How anger can help you produce better education journalism.
By Bekah McNeel
Not too long ago, I talked to ProPublica reporter Alec MacGillis about an incident in which the police had questioned him outside a McDonald’s in rural Texas.
He had been on assignment and had become so angered by the magnitude of the problem he was reporting that he needed to call a friend.
Sitting in his car in the parking lot of the McDonald’s, MacGillis lost track of time, scared the locals, and had to talk to the police.
That’s how angry his stories make him.
“My general approach seems to be to write my pieces at a slow boil,” MacGillis said in a phone interview. “Most of them are pieces that I did because something made me angry.”
Earlier this year, MacGillis wrote one of the most evocative education stories of the pandemic about a boy named Shemar and his disastrous experience with remote learning.
According to MacGillis, the story benefitted because he was angry. Angry that Shemar was struggling so, and angrier still that the middle and upper-middle class seemed to be determined to frame the pandemic as some kind of Year of Slow Living experiment, “cocooning” with family.

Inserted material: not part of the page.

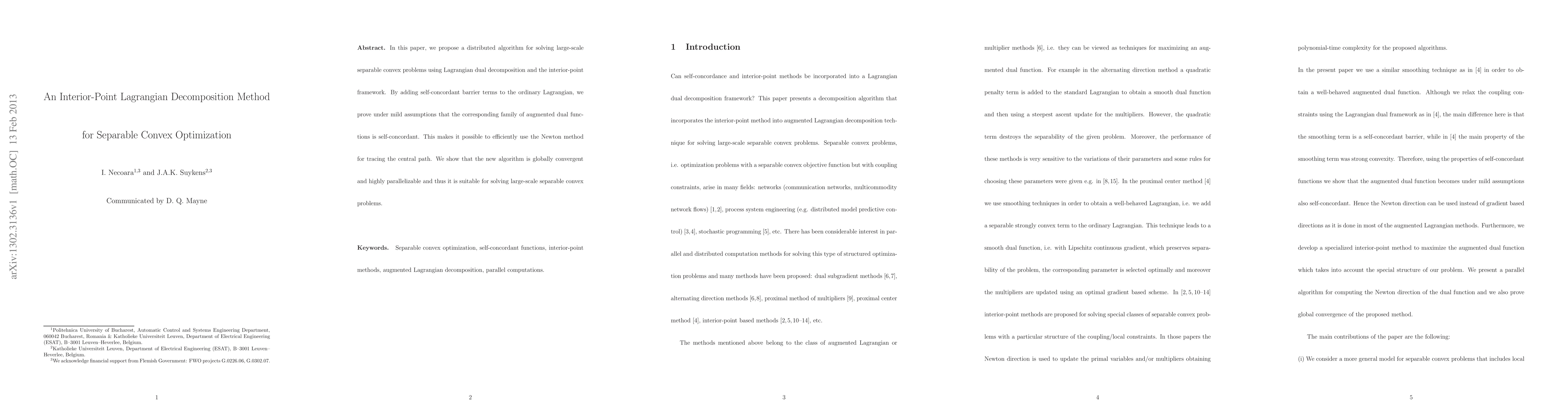 This paper proposes a distributed interior-point Lagrangian decomposition method for solving large-scale separable convex optimization problems. The method leverages self-concordant barrier terms and the Newton method for efficient convergence, demonstrating global convergence and high parallelizability.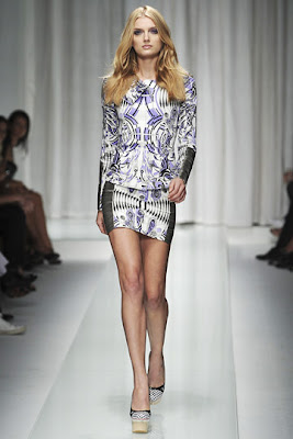 Abbey LeeVivid pastels, geometric prints, baroque curlicues, short-short skirts, and slinky, sexy chain mail: Where else could this be but Versace? For Spring, Donatella Versace was telling everyone who went backstage that she'd been inspired by Tim Burton's Alice in Wonderland (which comes out next March).

I’m angry, too. My stomach turns when I think about the level of comfort that’s long been afforded to some Americans at the expense of others. Segregation, inadequate special education, disproportionate discipline, mental health care deserts, illiteracy, and now the fallout from the pandemic—those are fighting words at my house.
I’ve been lucky enough to work with some great editors who could keep me within the bounds of fair, factual journalism, while helping me find the right moments to blister.
I know that other education journalists are also angry. I work with them and get (Zoom) drinks with them. I hear it in their voices, read it in their texts, and sometimes, though more rarely, I read it in their writing.
I’m angry, too. Segregation, inadequate special education, disproportionate discipline, mental health care deserts, illiteracy, and now the fallout from the pandemic—those are fighting words at my house.
I have the feeling that many of us who write about schools are, actually, quite angry, though we express it differently.
This profession is so steeped in its own ethical juices that the only way to survive as a workaday reporter or editor is to be conscientious by nature. Anger is how ethical people respond to injustice.
If you are the kind of person who can make a strong case for returning a Harry & David holiday basket from a PR firm, or going to jail rather than revealing a source, there’s a good chance that some of the things you hear at a school district rezoning meeting or a briefing on disproportionalities in pandemic learning loss are going to brush up against your sense of fairness.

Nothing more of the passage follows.